According to healthcare providers, the biggest challenges that they face on a day to day basis is disposing of medical wastes. Often, there are other concerns like epidemiology, HIPAA, local and state regulations and potential civil litigation that may cause complications. Few examples related to medical wastes include the following:
- Animal or human tissues generated during procedures.
- Anything soaked with blood (gowns, gauze, gloves, etc.)
- Infectious agent/disease cultures
- Discarded vaccines
- Wastes produced within the patients’ rooms combined with communicable diseases.
Medical waste can be defined as any type of waste comprising of infections materials.
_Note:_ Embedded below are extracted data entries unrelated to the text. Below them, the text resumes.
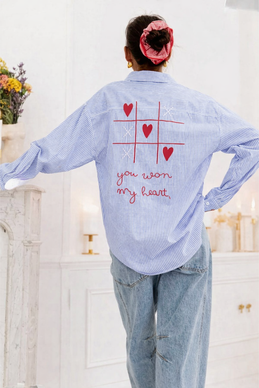 Gestreepte blouse met geborduurd hart, gemaakt van katoen en polyester, ideaal voor de lente
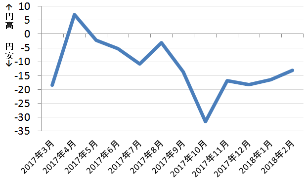■ドル円DI推移(※ドル円DI=円高ー円安)
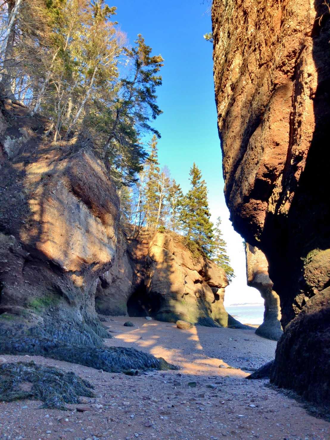 世界で最も潮の満ち引きが激しいファンディ湾に位置するホープウェル・ロックスでは、満潮と干潮の景色の違いを目の当たりにすることができる
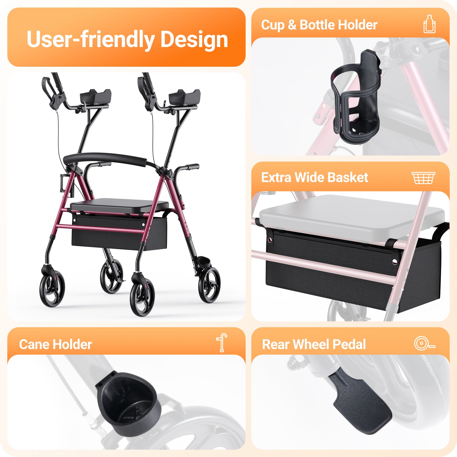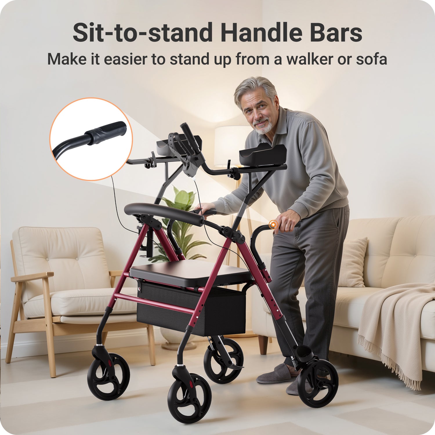 Switch freely between an upright walker and a traditional rollator to match your comfort and mobility needs.
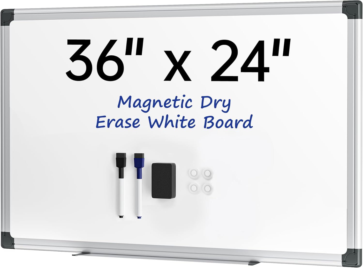 Dry Erase Board, 36 × 24 inches, Magnetic White Board for Wall, Silver Aluminium Frame, White Board Dry Erase for Kids, Students, Office, Kitchen- Includes Markers, Magnets & Eraser
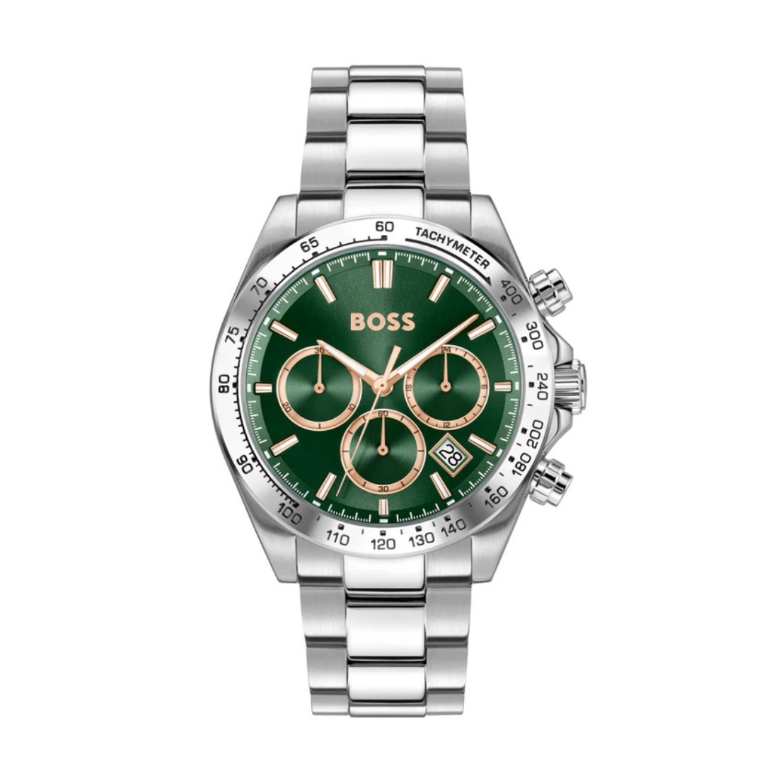 This BOSS Hero 2.0 Chronograph watch is available to buy online & at our store in Tralee, Co. Kerry. Showcasing a 44mm steel case which houses a quartz movement, this BOSS watch is presented on a steel bracelet and finished with a green dial.

The definition also includes wastes created at healthcare facilities such as hospitals, physician’s offices, laboratories, dental practices, veterinary clinics and medical research facilities.
Bodily fluids may be present in the medical waste like contaminants or blood. It is rather defined as a waste that is created during medical testing, research, treatment, immunization or diagnosis of either animals or human beings. Few examples are glassware, culture dishes, gloves, bandages discarded sharps such as scalpels, needles, tissue and swabs.
Biomedical Hospital Incinerator can help eliminate such wastes cautiously and safely.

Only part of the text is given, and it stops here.